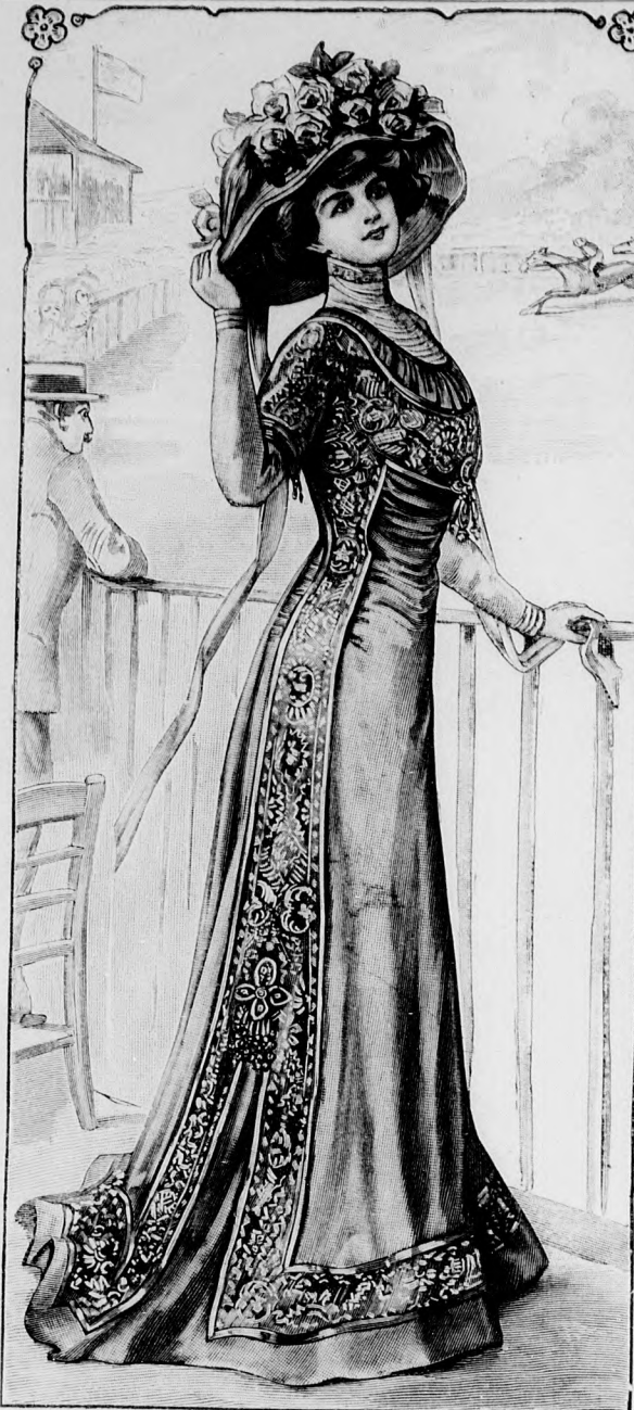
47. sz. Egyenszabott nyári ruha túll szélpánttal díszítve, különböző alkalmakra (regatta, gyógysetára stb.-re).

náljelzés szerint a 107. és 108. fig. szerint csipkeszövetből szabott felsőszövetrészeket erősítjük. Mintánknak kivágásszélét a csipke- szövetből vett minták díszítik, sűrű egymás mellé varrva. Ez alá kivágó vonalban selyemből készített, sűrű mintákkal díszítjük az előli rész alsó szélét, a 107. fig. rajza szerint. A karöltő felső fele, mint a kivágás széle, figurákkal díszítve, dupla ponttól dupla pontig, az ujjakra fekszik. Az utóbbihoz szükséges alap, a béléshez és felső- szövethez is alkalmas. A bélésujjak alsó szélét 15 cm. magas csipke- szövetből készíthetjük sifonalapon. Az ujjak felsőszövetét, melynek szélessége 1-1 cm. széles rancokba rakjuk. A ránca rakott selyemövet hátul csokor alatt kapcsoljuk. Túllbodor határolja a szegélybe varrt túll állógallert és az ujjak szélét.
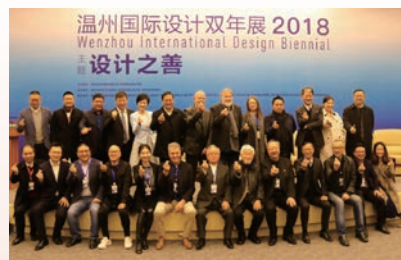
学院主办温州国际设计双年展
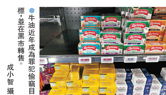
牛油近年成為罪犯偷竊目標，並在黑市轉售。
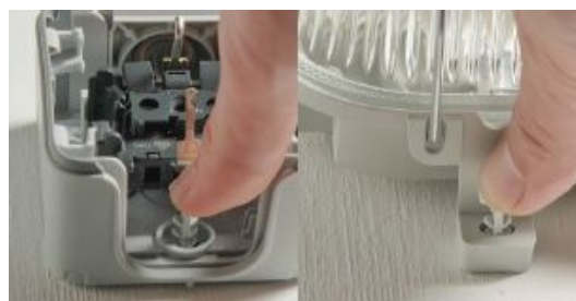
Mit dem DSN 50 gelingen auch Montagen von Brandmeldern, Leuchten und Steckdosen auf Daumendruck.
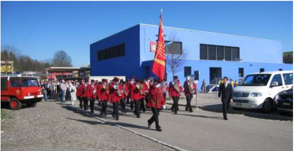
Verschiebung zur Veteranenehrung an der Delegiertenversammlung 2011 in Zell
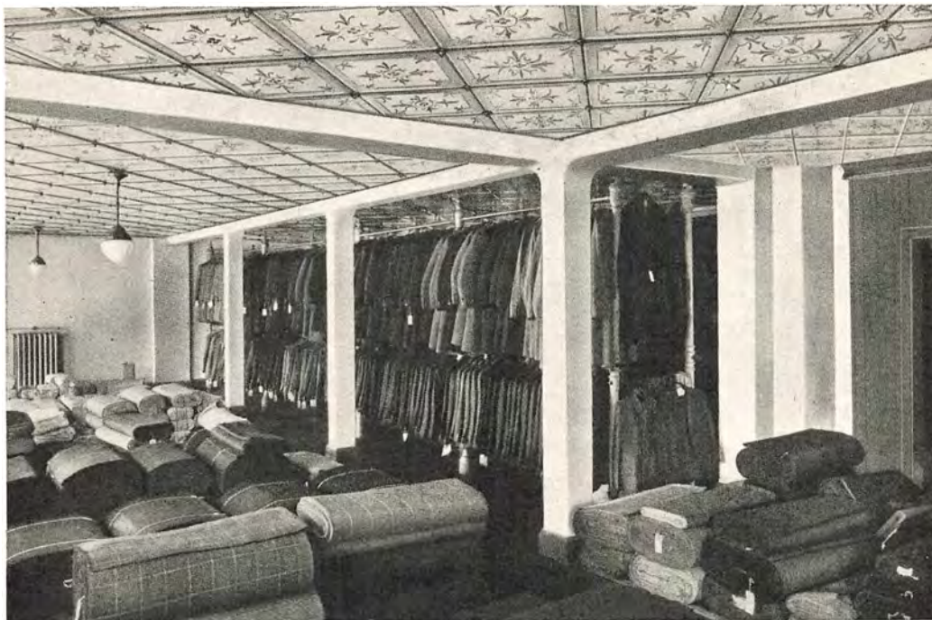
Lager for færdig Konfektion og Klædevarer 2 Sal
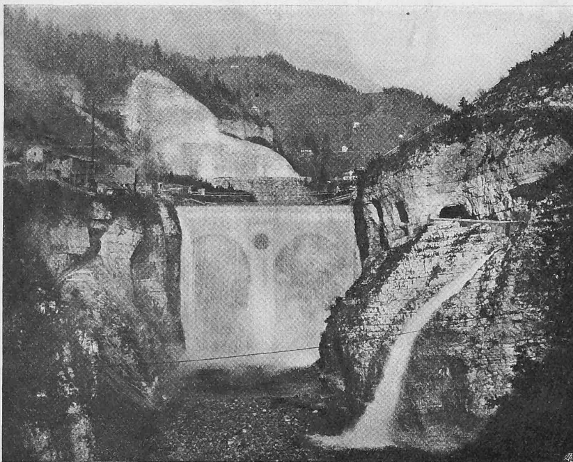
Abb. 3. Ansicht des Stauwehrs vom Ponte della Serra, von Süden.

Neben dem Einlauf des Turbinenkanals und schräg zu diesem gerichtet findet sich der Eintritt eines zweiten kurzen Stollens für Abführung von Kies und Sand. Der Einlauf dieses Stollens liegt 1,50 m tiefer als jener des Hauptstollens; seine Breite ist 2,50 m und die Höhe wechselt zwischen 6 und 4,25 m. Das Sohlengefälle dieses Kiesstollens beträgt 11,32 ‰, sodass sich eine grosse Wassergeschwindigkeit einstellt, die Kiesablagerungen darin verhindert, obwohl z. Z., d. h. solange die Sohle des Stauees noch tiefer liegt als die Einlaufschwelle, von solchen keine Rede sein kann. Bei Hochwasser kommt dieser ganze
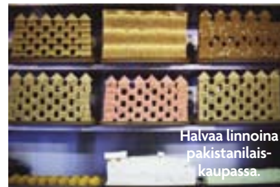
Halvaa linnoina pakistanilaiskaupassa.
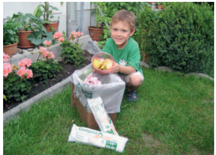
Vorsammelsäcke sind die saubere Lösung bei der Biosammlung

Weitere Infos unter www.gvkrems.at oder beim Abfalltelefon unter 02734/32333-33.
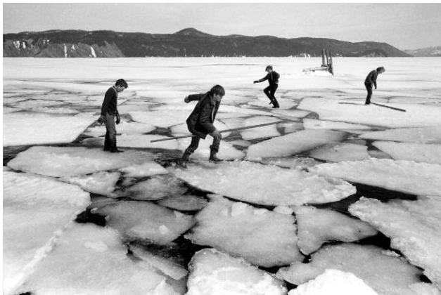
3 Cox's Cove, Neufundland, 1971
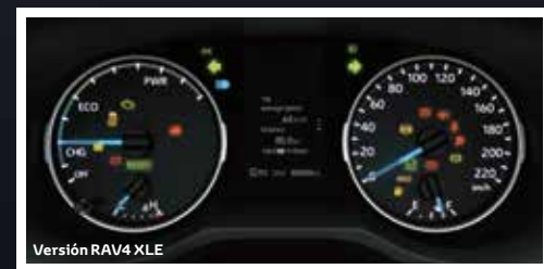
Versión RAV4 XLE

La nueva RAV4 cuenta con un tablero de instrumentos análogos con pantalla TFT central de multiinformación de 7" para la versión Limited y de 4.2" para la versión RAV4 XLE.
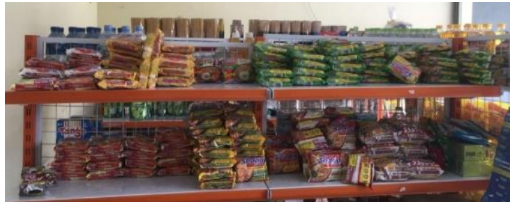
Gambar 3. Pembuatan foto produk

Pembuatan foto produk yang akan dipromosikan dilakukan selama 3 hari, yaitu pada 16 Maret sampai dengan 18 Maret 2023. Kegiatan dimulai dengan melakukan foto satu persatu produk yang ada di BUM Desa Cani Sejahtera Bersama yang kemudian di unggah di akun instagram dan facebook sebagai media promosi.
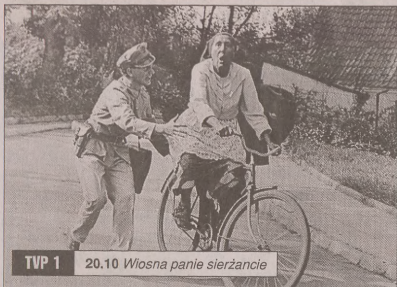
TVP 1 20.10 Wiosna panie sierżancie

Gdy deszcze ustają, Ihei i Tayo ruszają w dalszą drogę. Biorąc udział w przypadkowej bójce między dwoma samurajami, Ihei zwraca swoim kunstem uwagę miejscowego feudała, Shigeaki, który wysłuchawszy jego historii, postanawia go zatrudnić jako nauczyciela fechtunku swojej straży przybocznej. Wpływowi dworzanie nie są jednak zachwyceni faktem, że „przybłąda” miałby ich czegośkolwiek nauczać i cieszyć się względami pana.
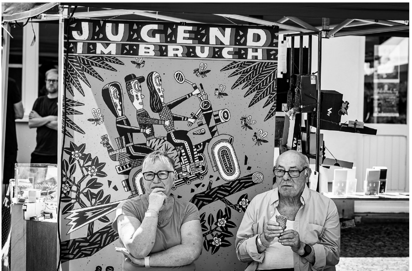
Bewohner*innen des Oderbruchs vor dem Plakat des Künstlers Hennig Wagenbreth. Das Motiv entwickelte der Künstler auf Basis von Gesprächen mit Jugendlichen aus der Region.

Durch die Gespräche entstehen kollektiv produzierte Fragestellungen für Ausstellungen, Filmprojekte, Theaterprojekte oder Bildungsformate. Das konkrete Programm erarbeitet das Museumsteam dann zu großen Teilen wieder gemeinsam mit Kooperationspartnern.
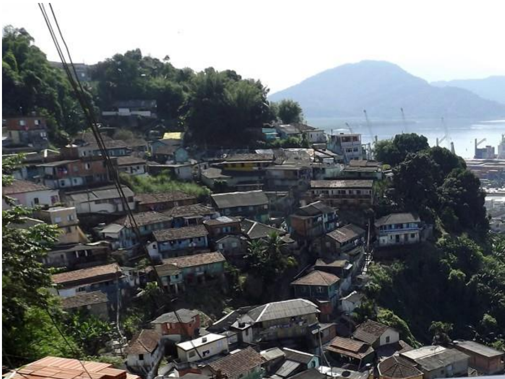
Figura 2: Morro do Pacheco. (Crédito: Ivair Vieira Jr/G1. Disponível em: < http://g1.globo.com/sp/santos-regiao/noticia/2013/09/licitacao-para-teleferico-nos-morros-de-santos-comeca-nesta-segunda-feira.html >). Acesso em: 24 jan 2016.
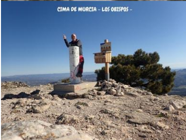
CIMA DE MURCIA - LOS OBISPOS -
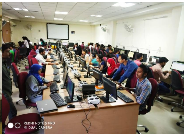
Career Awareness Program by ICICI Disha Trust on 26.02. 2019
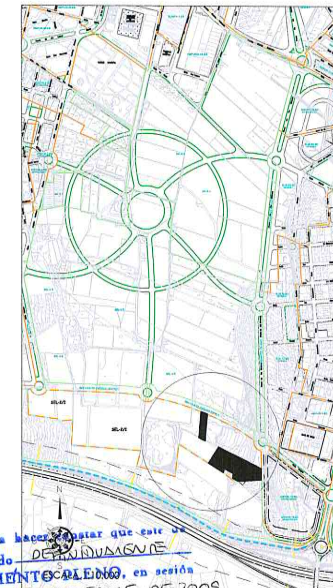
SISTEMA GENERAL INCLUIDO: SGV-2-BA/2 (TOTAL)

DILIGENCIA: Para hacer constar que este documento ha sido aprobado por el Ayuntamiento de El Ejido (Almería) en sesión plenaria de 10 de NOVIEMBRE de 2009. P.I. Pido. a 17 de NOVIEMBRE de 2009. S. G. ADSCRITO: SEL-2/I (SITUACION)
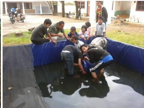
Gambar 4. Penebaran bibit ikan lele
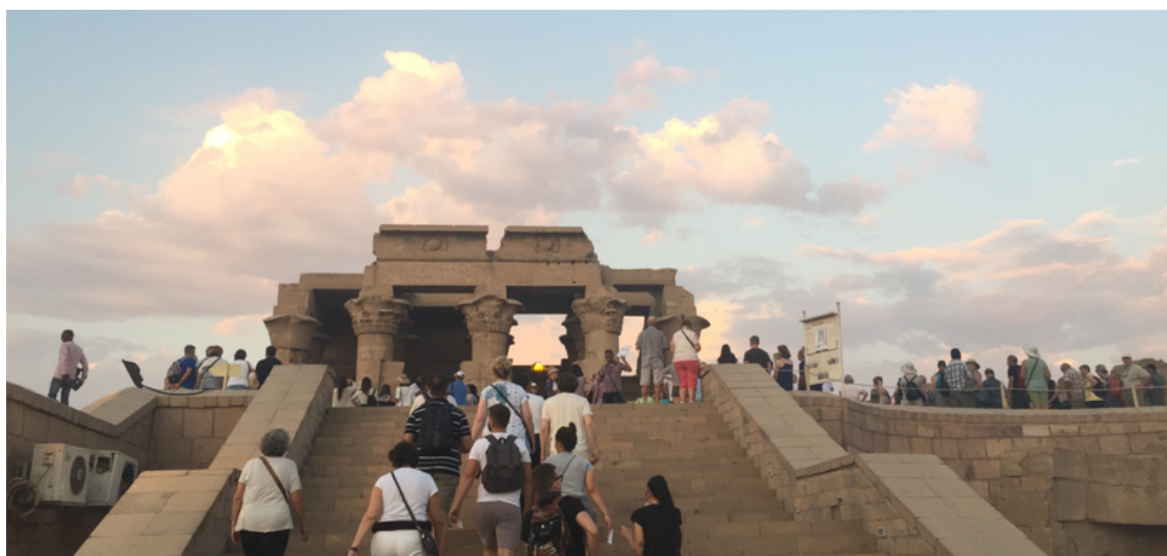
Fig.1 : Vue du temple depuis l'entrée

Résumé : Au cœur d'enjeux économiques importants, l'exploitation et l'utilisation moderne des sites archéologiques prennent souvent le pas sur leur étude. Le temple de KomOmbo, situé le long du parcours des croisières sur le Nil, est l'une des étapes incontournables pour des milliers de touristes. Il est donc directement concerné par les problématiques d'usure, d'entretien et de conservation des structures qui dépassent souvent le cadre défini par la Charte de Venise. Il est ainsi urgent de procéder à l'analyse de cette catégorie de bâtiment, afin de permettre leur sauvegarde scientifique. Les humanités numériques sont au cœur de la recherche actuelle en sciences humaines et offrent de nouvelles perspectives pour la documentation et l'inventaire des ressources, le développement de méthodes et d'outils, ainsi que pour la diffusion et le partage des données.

_ _ _ _ _ _ _

» **Problem requirements**
Every line from the start of the material through the line holding "Abb. 3. Ansicht" must be returned exactly, and the pictures must not.

» **Finished exercise**
47. sz. Egyenszabott nyári ruha túll szélpánttal díszítve, különböző alkalmakra (regatta, gyógysetára stb.-re).

náljelzés szerint a 107. és 108. fig. szerint csipkeszövetből szabott felsőszövetrészeket erősítjük. Mintánknak kivágásszélét a csipke- szövetből vett minták díszítik, sűrű egymás mellé varrva. Ez alá kivágó vonalban selyemből készített, sűrű mintákkal díszítjük az előli rész alsó szélét, a 107. fig. rajza szerint. A karöltő felső fele, mint a kivágás széle, figurákkal díszítve, dupla ponttól dupla pontig, az ujjakra fekszik. Az utóbbihoz szükséges alap, a béléshez és felső- szövethez is alkalmas. A bélésujjak alsó szélét 15 cm. magas csipke- szövetből készíthetjük sifonalapon. Az ujjak felsőszövetét, melynek szélessége 1-1 cm. széles rancokba rakjuk. A ránca rakott selyemövet hátul csokor alatt kapcsoljuk. Túllbodor határolja a szegélybe varrt túll állógallert és az ujjak szélét.
学院主办温州国际设计双年展
牛油近年成為罪犯偷竊目標，並在黑市轉售。
Mit dem DSN 50 gelingen auch Montagen von Brandmeldern, Leuchten und Steckdosen auf Daumendruck.
Verschiebung zur Veteranenehrung an der Delegiertenversammlung 2011 in Zell
Lager for færdig Konfektion og Klædevarer 2 Sal
Abb. 3. Ansicht des Stauwehrs vom Ponte della Serra, von Süden.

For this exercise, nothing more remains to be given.